▼▼▼

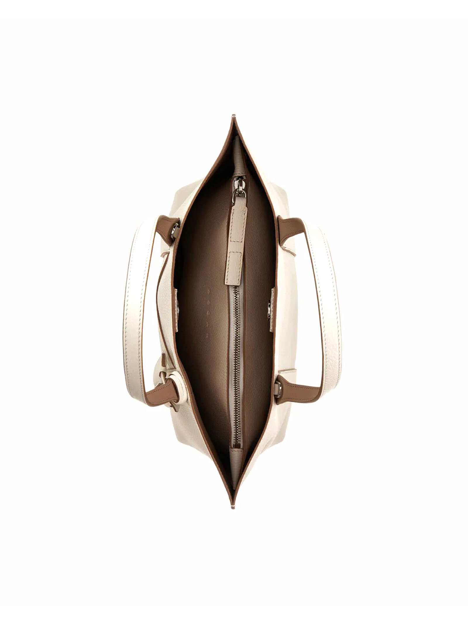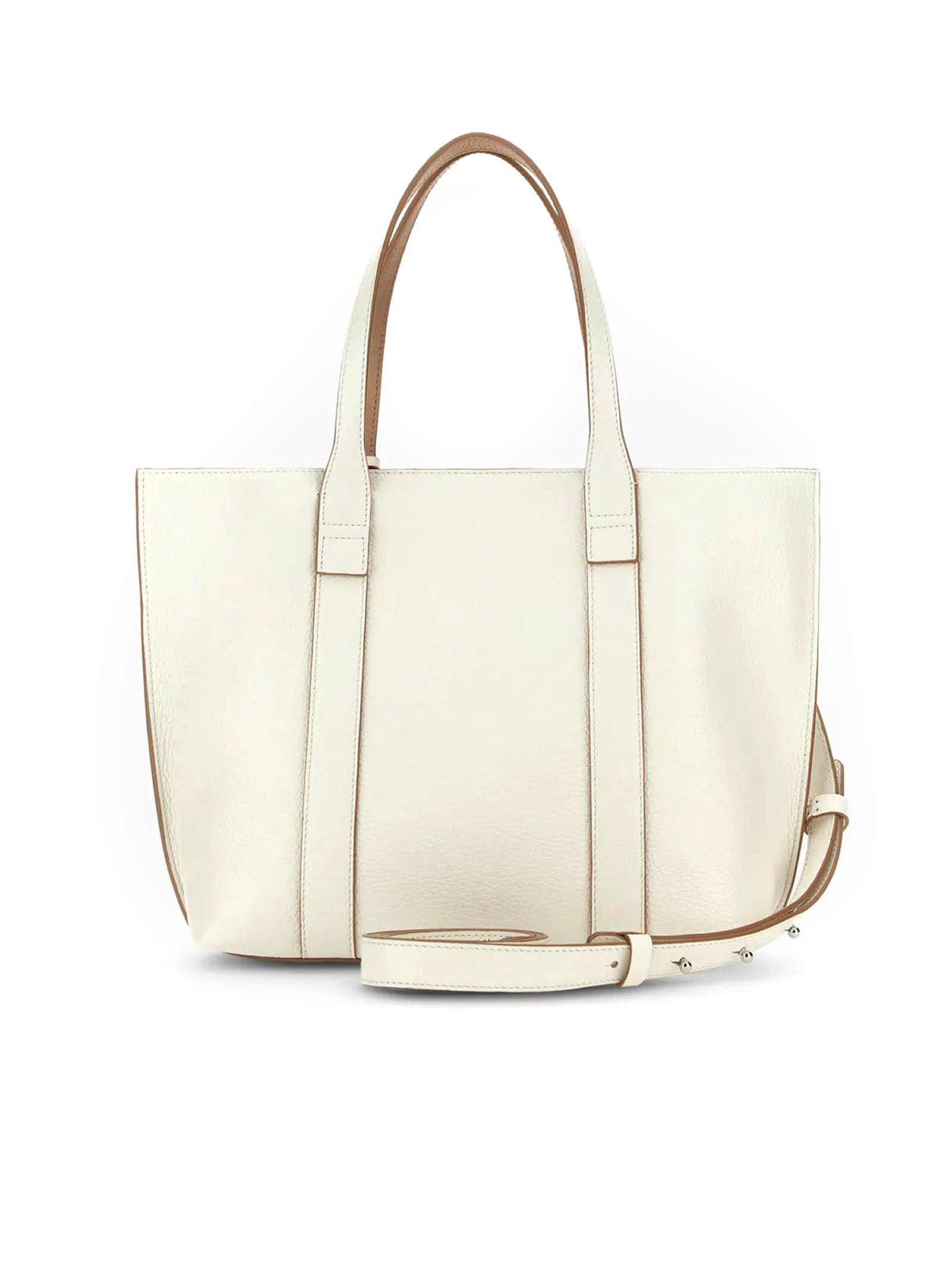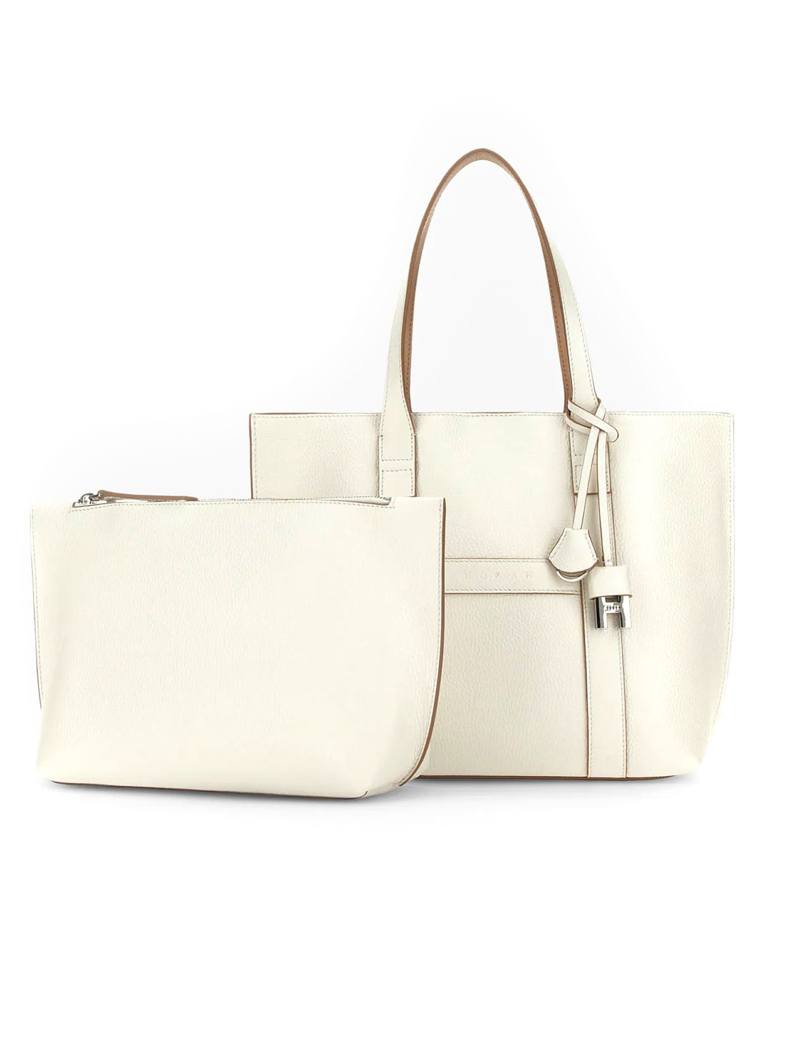 Hogan Script Shopping Bag Small Ivory, Item crafted in leather, Stamped Hogan logo, Dimensions: 35 x 23 x 11 cm, Fixed handles, Adjustable and removable shoulder strap, Magnetic button closure, Removable zipped pouch
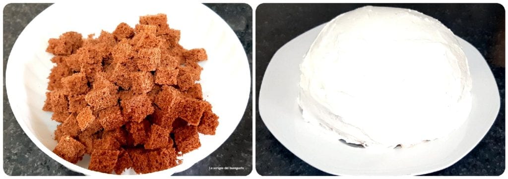 Uma vez que a cúpula esteja fria, retire-a da geladeira, vire o conteúdo em um prato de servir, remova o filme plástico, cubra toda a parte externa da cúpula com o creme de leite e, em seguida, cubra completamente com os cubinhos de pão de ló preparados anteriormente.
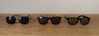 Conjunto de tres pares de gafas de sol para niños. Amarillas Quechua, el resto genéricas Rayones en las fotos del uso por niños
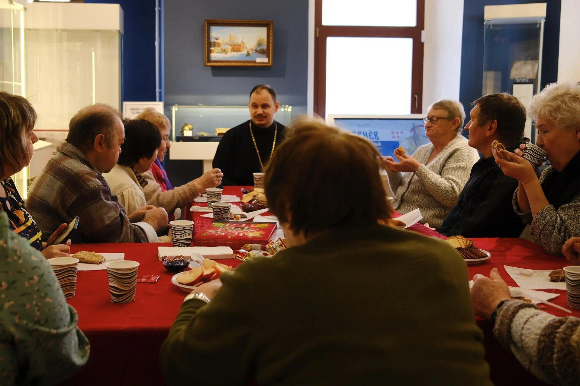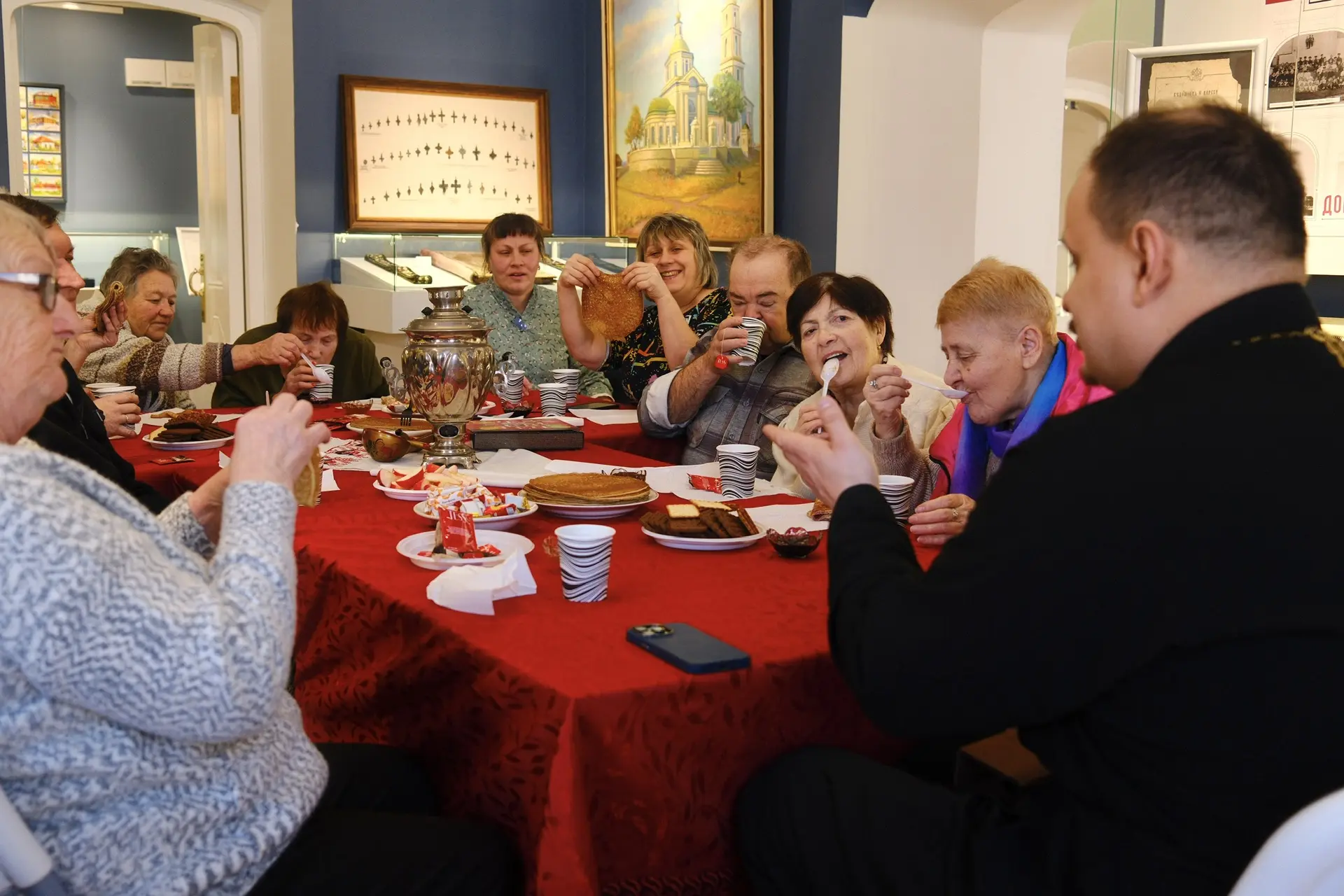 В этом году масленичные встречи состоялись в Веневском краеведческом музее, где настоятель Воскресенского собора иерей Дионисий Ворсобин встретился с подопечными центра социального обслуживания. Участники встречи с огромным интересом слушали историю праздника и получили ценные знания о праздновании Масленицы. Встреча специально была организована в местном музее, где присутствующие смогли погрузиться в историю и традиции русского народа, узнать о значении праздника, послушать увлекательные рассказы и увидеть экспонаты. Экскурсия вызвала живой отклик: участники задавали вопросы, делились своими впечатлениями и воспоминаниями о семейных праздниках.
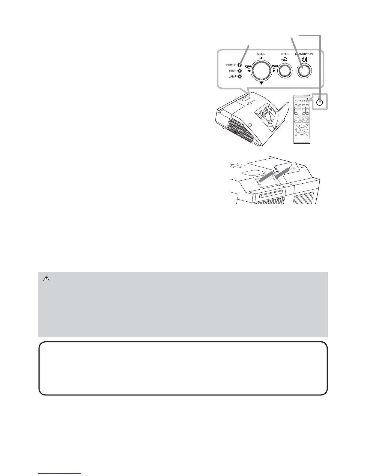 Do not turn the projector on for about 10 minutes or more after turning it off.
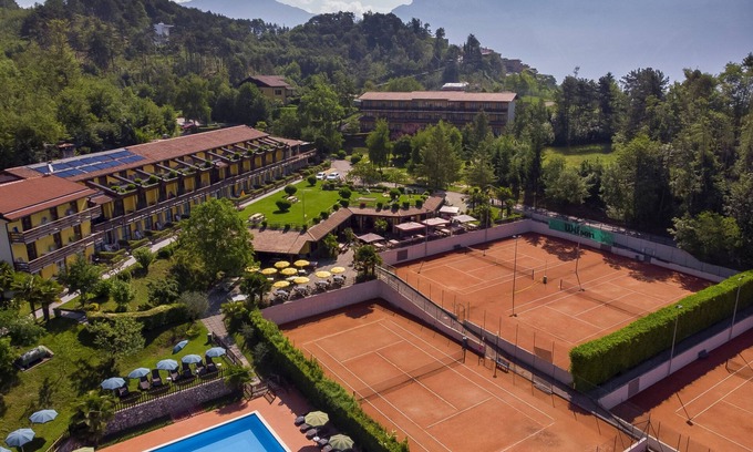 Large resort "Residence Campi", 3 storeys. 70 apartments in the residence. Above Limone sul Garda, outside the resort, 2 km from the centre of Voltino di Tremosine, in an elevated position, 7 km from the lake, in the countryside. For shared use: beautiful, well-kept garden (not fenced) with lawn and plants, natural garden, swimming pool, indoor pool (seasonal availability: 05.Apr. - 11.Oct. pool opening hours: 08:00-20:00). WC in the pool area, children's pool, tennis (8 x clay court), floodlit (extra), table tennis, beach volleyball. In the complex: reception, restaurant, bar, breakfast room, WiFi, sauna, fitness room, steam room, hot tub (all included), spa area for shared use, table football, lift, storage room for bicycles, washing machine (extra) (for shared use), bicycle rental. Linen change weekly (suppl. charge extra). Breakfast on request (extra). Parking on the premises. Shop 1 km, bus stop 600 m, pebble beach 7 km. Minigolf 50 m. Nearby attractions: Limone sul Garda 7 km, Salò 40 km. Please note: car recommended. Suitable for families, baby equipment on request (extra). The holiday properties may differ in situation, size and location. Wellness forbidden to children under the age of 18.
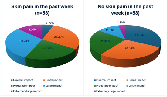 The impact of skin pain on mental health was investigated in other dermatoses. For instance, Vakharia et al. [48] conducted research on 144 patients with atopic dermatitis (AD), in which 42.7% of participants reported skin pain in the past week, involving 42 (13.8%) with severe or very severe pain. Skin pain severity was more strongly correlated with the DLQI (r = 0.45) and the Patient Health Questionnaire-9 (r = 0.36) (p < 0.0001 for both) than in our research. Additionally, strong correlations between skin pain and the Patient Oriented Eczema Measure (r = 0.54), the Itchy Quality of Life (r = 0.52), the 5-dimensions of itch scale (r = 0.47), the NRS for itch (r = 0.43) and sleep (r = 0.36), the patient-reported global AD severity (r = 0.34), the Eczema Area and Severity Index (r = 0.23), and the objective Scoring AD index (r = 0.20) (p < 0.0001 for all) were identified. In particular, skin pain exerted a negative influence on the capacity to shop and execute other activities of everyday life, make clothing choices, engage in social interactions or leisure activities, study or work, participate in sports, maintain relationships with others, experience normal sexual function, and manage treatment-related burdens (p ≤ 0.017 for all).
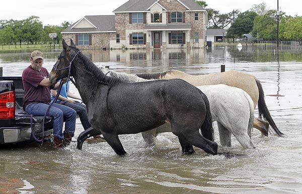 Richard Lopez and Allie Hairford-Siemens hold the reins of three horses as they lead them through flood water in Cypress, Texas, on Monday April 18, 2016. Melissa Phillip/Houston Chronicle/AP
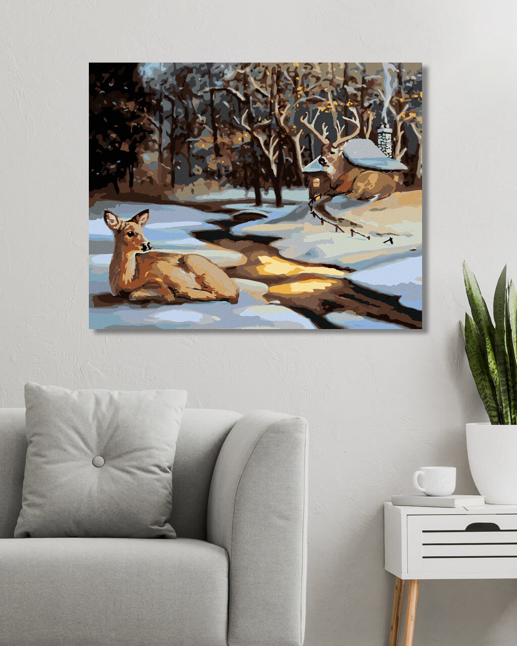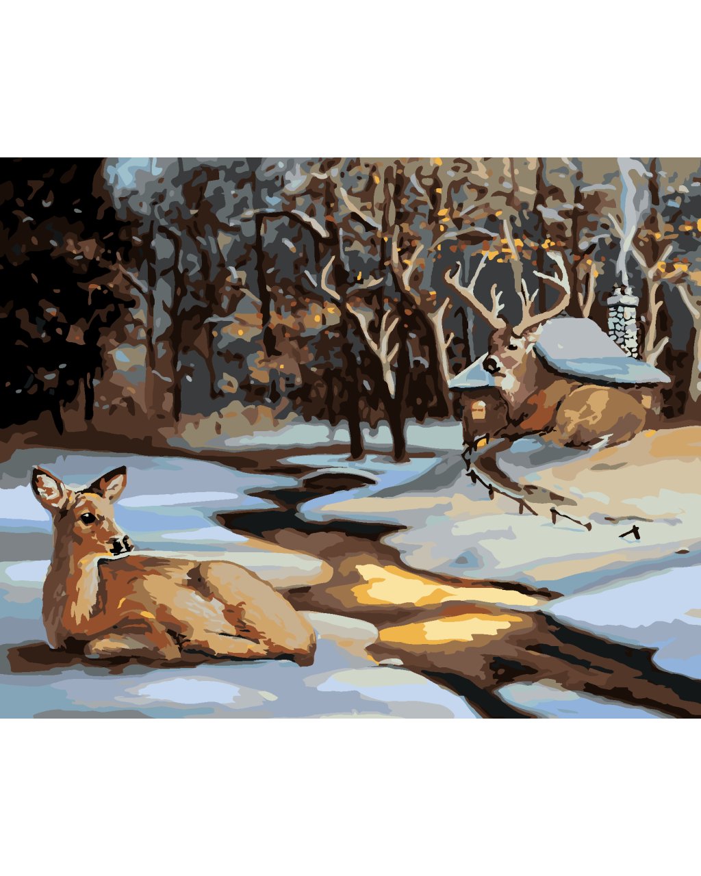 Maľovanie podľa čísel - LAŇ A JELEŇ PRI ZASNEŽENOM DOME (D. RUSTY RUST)
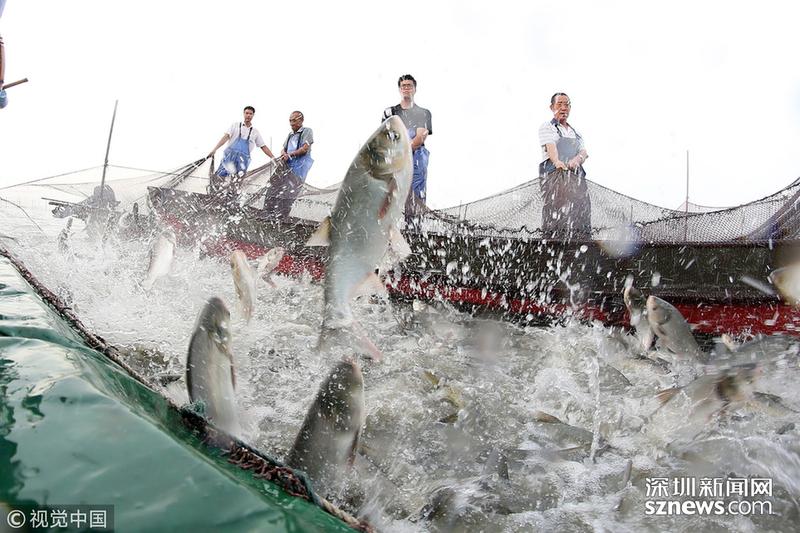 2018年6月26日,江苏省常州市嘉泽镇捕捞村的渔民组织夏季捕捞,一网鱼达五万余斤,以鲢鱼为主,供应市场需求。夏捕的鱼价较平时有所上涨,渔民粗略估计可增收上万余元。
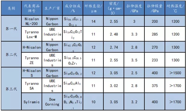隨著碳化硅纖維制備工藝的改善,目前已經形成了三代產品。第一代碳化硅纖維是以日本碳公司生產的Nicalon 200和Tyranno LOX-M為代表,由于在其制備過程中引入了氧,纖維中的氧質量分數為10%~15%,在高溫下碳化硅纖維的穩定性變差,影響了纖維在高溫環境下的強度和彈性模量。為改善該問題研制了第二代碳化硅纖維,以日本碳公司的Hi-Nicalon與宇部興產公司的Tyranno LOX-E、Tyranno ZM和Tyranno ZE為代表,通過在無氧氣氛中采用電子輻照對原纖維進行不熔化處理來降低碳化硅纖維中的氧含量,從而保障其在高溫環境下的穩定性。為滿足航空和軍工領域對高溫材料性能的更高要求,日本和美國分別開發了第三代碳化硅纖維,以日本碳公司的Hi-Nicalon S、宇部興產公司的Tyranno SA以及美國道康寧公司的Sylramic纖維為代表,第三代碳化硅纖維中的雜質氧、游離碳含量進一步降低,接近碳化硅的化學計量比。
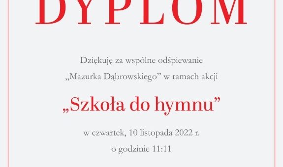 10 listopada 2022 roku o godzinie 11:11 nasza szkoła wspólnie odśpiewała „Mazurek Dąbrowskiego” w ramach akcji „Szkoła do hymnu” . PLAKAT [kliknij]
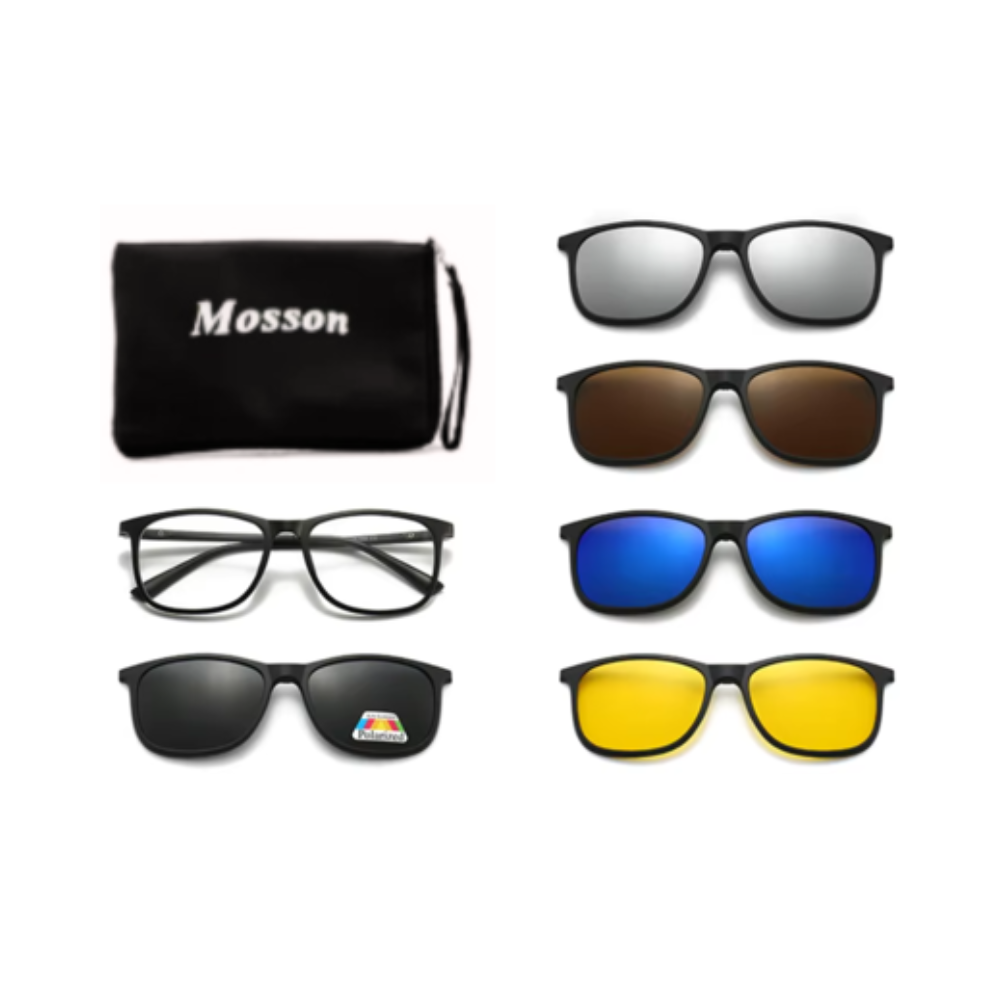 Con los lentes de 5 clips Mosson, ya no necesitarás cargar con múltiples pares de gafas. Este sistema "todo en uno" te ofrece la libertad de pasar de tus lentes de uso diario a unas gafas de sol o de conducción en cuestión de segundos. Su estuche compacto y diseñado a medida te permite llevar todos los clips de manera organizada y segura.

▲▲▲

* [What to produce]: Set down all the data again exactly as above, pictures excluded.

* [Answer to this problem]:
 Hogan Script Shopping Bag Small Ivory, Item crafted in leather, Stamped Hogan logo, Dimensions: 35 x 23 x 11 cm, Fixed handles, Adjustable and removable shoulder strap, Magnetic button closure, Removable zipped pouch
 Uma vez que a cúpula esteja fria, retire-a da geladeira, vire o conteúdo em um prato de servir, remova o filme plástico, cubra toda a parte externa da cúpula com o creme de leite e, em seguida, cubra completamente com os cubinhos de pão de ló preparados anteriormente.
 Conjunto de tres pares de gafas de sol para niños. Amarillas Quechua, el resto genéricas Rayones en las fotos del uso por niños
 В этом году масленичные встречи состоялись в Веневском краеведческом музее, где настоятель Воскресенского собора иерей Дионисий Ворсобин встретился с подопечными центра социального обслуживания. Участники встречи с огромным интересом слушали историю праздника и получили ценные знания о праздновании Масленицы. Встреча специально была организована в местном музее, где присутствующие смогли погрузиться в историю и традиции русского народа, узнать о значении праздника, послушать увлекательные рассказы и увидеть экспонаты. Экскурсия вызвала живой отклик: участники задавали вопросы, делились своими впечатлениями и воспоминаниями о семейных праздниках.
 Do not turn the projector on for about 10 minutes or more after turning it off.
 Large resort "Residence Campi", 3 storeys. 70 apartments in the residence. Above Limone sul Garda, outside the resort, 2 km from the centre of Voltino di Tremosine, in an elevated position, 7 km from the lake, in the countryside. For shared use: beautiful, well-kept garden (not fenced) with lawn and plants, natural garden, swimming pool, indoor pool (seasonal availability: 05.Apr. - 11.Oct. pool opening hours: 08:00-20:00). WC in the pool area, children's pool, tennis (8 x clay court), floodlit (extra), table tennis, beach volleyball. In the complex: reception, restaurant, bar, breakfast room, WiFi, sauna, fitness room, steam room, hot tub (all included), spa area for shared use, table football, lift, storage room for bicycles, washing machine (extra) (for shared use), bicycle rental. Linen change weekly (suppl. charge extra). Breakfast on request (extra). Parking on the premises. Shop 1 km, bus stop 600 m, pebble beach 7 km. Minigolf 50 m. Nearby attractions: Limone sul Garda 7 km, Salò 40 km. Please note: car recommended. Suitable for families, baby equipment on request (extra). The holiday properties may differ in situation, size and location. Wellness forbidden to children under the age of 18.
 The impact of skin pain on mental health was investigated in other dermatoses. For instance, Vakharia et al. [48] conducted research on 144 patients with atopic dermatitis (AD), in which 42.7% of participants reported skin pain in the past week, involving 42 (13.8%) with severe or very severe pain. Skin pain severity was more strongly correlated with the DLQI (r = 0.45) and the Patient Health Questionnaire-9 (r = 0.36) (p < 0.0001 for both) than in our research. Additionally, strong correlations between skin pain and the Patient Oriented Eczema Measure (r = 0.54), the Itchy Quality of Life (r = 0.52), the 5-dimensions of itch scale (r = 0.47), the NRS for itch (r = 0.43) and sleep (r = 0.36), the patient-reported global AD severity (r = 0.34), the Eczema Area and Severity Index (r = 0.23), and the objective Scoring AD index (r = 0.20) (p < 0.0001 for all) were identified. In particular, skin pain exerted a negative influence on the capacity to shop and execute other activities of everyday life, make clothing choices, engage in social interactions or leisure activities, study or work, participate in sports, maintain relationships with others, experience normal sexual function, and manage treatment-related burdens (p ≤ 0.017 for all).
 Richard Lopez and Allie Hairford-Siemens hold the reins of three horses as they lead them through flood water in Cypress, Texas, on Monday April 18, 2016. Melissa Phillip/Houston Chronicle/AP
 Maľovanie podľa čísel - LAŇ A JELEŇ PRI ZASNEŽENOM DOME (D. RUSTY RUST)
 2018年6月26日,江苏省常州市嘉泽镇捕捞村的渔民组织夏季捕捞,一网鱼达五万余斤,以鲢鱼为主,供应市场需求。夏捕的鱼价较平时有所上涨,渔民粗略估计可增收上万余元。
隨著碳化硅纖維制備工藝的改善,目前已經形成了三代產品。第一代碳化硅纖維是以日本碳公司生產的Nicalon 200和Tyranno LOX-M為代表,由于在其制備過程中引入了氧,纖維中的氧質量分數為10%~15%,在高溫下碳化硅纖維的穩定性變差,影響了纖維在高溫環境下的強度和彈性模量。為改善該問題研制了第二代碳化硅纖維,以日本碳公司的Hi-Nicalon與宇部興產公司的Tyranno LOX-E、Tyranno ZM和Tyranno ZE為代表,通過在無氧氣氛中采用電子輻照對原纖維進行不熔化處理來降低碳化硅纖維中的氧含量,從而保障其在高溫環境下的穩定性。為滿足航空和軍工領域對高溫材料性能的更高要求,日本和美國分別開發了第三代碳化硅纖維,以日本碳公司的Hi-Nicalon S、宇部興產公司的Tyranno SA以及美國道康寧公司的Sylramic纖維為代表,第三代碳化硅纖維中的雜質氧、游離碳含量進一步降低,接近碳化硅的化學計量比。
 10 listopada 2022 roku o godzinie 11:11 nasza szkoła wspólnie odśpiewała „Mazurek Dąbrowskiego” w ramach akcji „Szkoła do hymnu” . PLAKAT [kliknij]
 Con los lentes de 5 clips Mosson, ya no necesitarás cargar con múltiples pares de gafas. Este sistema "todo en uno" te ofrece la libertad de pasar de tus lentes de uso diario a unas gafas de sol o de conducción en cuestión de segundos. Su estuche compacto y diseñado a medida te permite llevar todos los clips de manera organizada y segura.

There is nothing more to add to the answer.